How To Stop Your Legs  From Sinking

The  Ultimate Guide To Balance & Alignment In Freestyle Swimming

Fixing Your Sinking Leg Problems

Root Cause 3: 

Lifting Your Head to Breathe

 

You have the best chance of keeping your hips and legs up on the surface when your head is down in the water. The moment you introduce the breath, the chance of your hips dropping increases. 

You can have the perfect head position through your stroke cycle. But if you lift or over rotate your head when you turn for your breath, your legs will drop. 

The lifting of your head to breathe is a chicken and egg situation. Dropped hips will cause you to lift your head and lifting your head will cause your hips to drop. 

The lifting of your head to breathe is a chicken and egg situation. Dropped hips will cause you to lift your head and lifting your head will cause your hips to drop. 

As we talked about in the previous section, when your eyes look downwards your mouth sits at the same level as your forehead. So to get your breath your head doesn’t need to lift for your mouth to clear the water. And as a result your hips stay in alignment. 

But, your sunken hips will pull your mouth deeper in the water. + of your head causes your hips to drop further which will cause you to lift your head even higher. It can become a vicious cycle! 

Here’s a video I did  with Dave Erickson from Endurance Hour a few years ago that explains it. Try to not to laugh while I almost drown 🙂 

 

Why It Happens

There are two common reasons why you’re lifting your head for the breath. 

{1} Your Hips & Feet are Too Low 

  • It’s caused by your dropped hips and legs. They’re pulling your mouth down deeper than your forehead so to take in a good breath you have to lift your head. 

{2} You’re Still Lifting Your Head

  • If your hips are in a good position and you’re still lifting your head, your primitive brain is to blame. You lift your head because you lack the confidence to keep your mouth close to the surface of the water. Your primitive brain and it’s survival instinct says; 

 “Dude, you’ll breathe in water if you’re this close, we need to get way away from here to get in a good breath” 

If you don’t feel like you can get a good enough breath in without choking, you will lift your head high. High enough to a point where your primitive brain is comfortable no water will go  in along with the air.  The higher you lift, the bigger the hip drop effect will be. 

How to Fix it:

First determine which is the likely cause for lifting your head. A video analysis will help you work out if the root cause is because your hips are low due to one of the 15 root causes. 

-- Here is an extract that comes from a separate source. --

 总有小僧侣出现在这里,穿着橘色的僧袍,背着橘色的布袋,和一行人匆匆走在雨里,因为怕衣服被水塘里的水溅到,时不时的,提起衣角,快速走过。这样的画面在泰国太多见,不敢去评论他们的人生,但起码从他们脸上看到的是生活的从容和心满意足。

If it’s a confidence problem with keeping your mouth close to the water here’s what you can do. 

{1} Practice Crocodile Breathing

Getting water in your mouth is an unavoidable fact of swimming. You’re surrounded by the stuff. It’s pretty much impossible not to take in some water at some point. Crocodile breathing helps you to combat your fear reflex. It will help get you comfortable breathing when you have water in your mouth. 

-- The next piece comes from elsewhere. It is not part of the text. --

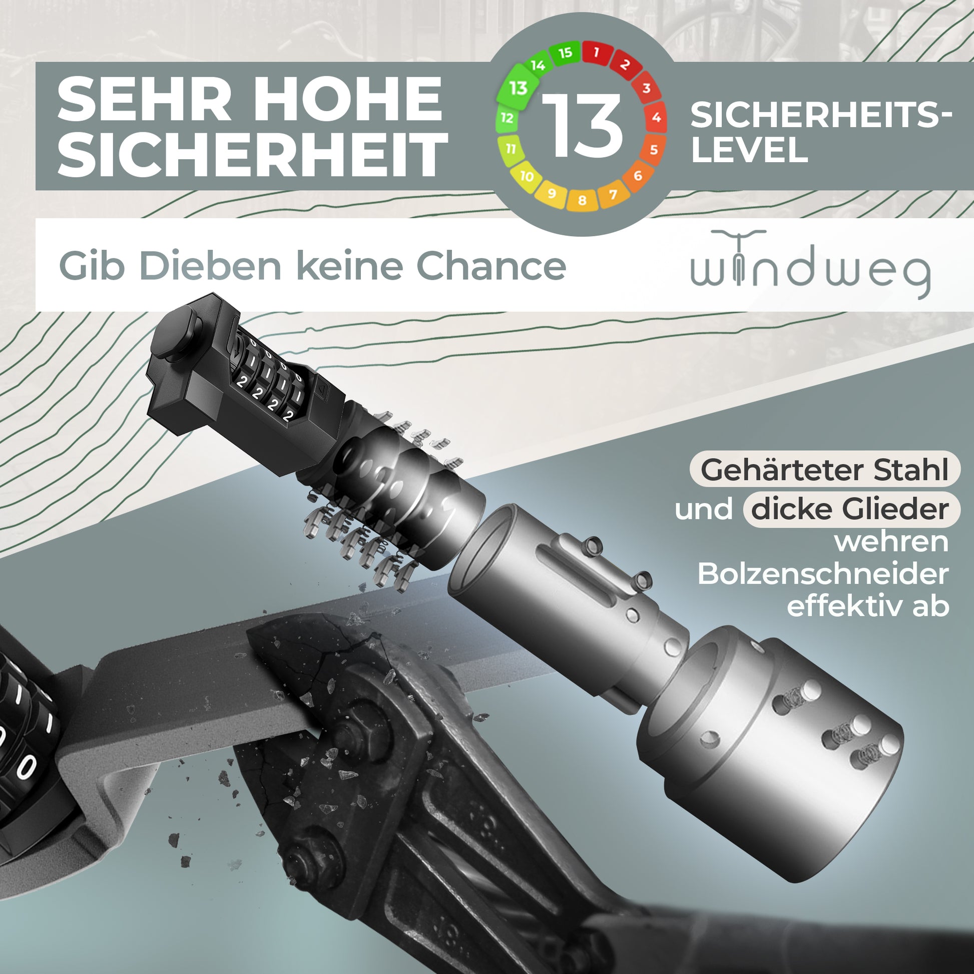 Die Königsklasse unter den Windweg-Schlössern: 120 cm, Zahlenschloss, maximale Flexibilität & höchste Sicherheit – ohne Schlüssel, ohne Kompromisse.

{1} Find a spot in the pool that you can stand comfortably. 

{2} Slowly lower your head into the water so half of your mouth is below the surface of the water and half of it is above the surface

{3} Practice breathing “over the top of the water” in your mouth. Slowly get comfortable breathing when you have water in your mouth. 

 

 

{2} Progress To Side Crocodile Breaths 

{1} Find a spot in the pool that you can stand comfortably. 

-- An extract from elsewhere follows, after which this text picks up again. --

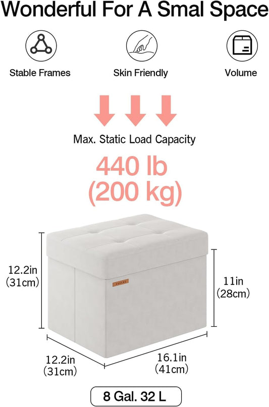 Folding Storage Ottoman, Velvet Storage Bench, Footrest, End Stool, Foot Stool,for Living Room, Bedroom and Office,12.2 x 16.1 x 12.2 Inches, 300 kg Load Capacity,Cream White, UASND03W

{2} Rotate your head as if you were getting into the side breath position you would liket to hit when you swim freestyle. 

{3} Slowly lower your head into the water so one eye, one ear and half of your mouth is below the surface of the water and half of your face is above the surface. 

{4} Practice breathing “over the top of the water” in your mouth. Slowly get comfortable breathing when you have water in your mouth. 

 

{3} Move To The Side Kick Drill 

Each of these drills will help you get confident keeping your mouth close to the surface when you take a breath. 

Growing this confidence usually takes time. Your primitive brain is taking care of your survival by making sure you don’t breathe in water. So fixing it is often not as simple as flipping a switch or doing these drills once. You’ll literally need to rewire your brain to be ok with the risky breath position. 

Children pick it up faster because their primitive brain hasn’t been active for as long as yours.  At the end of the day, the more you repeat it the more comfortable you will become.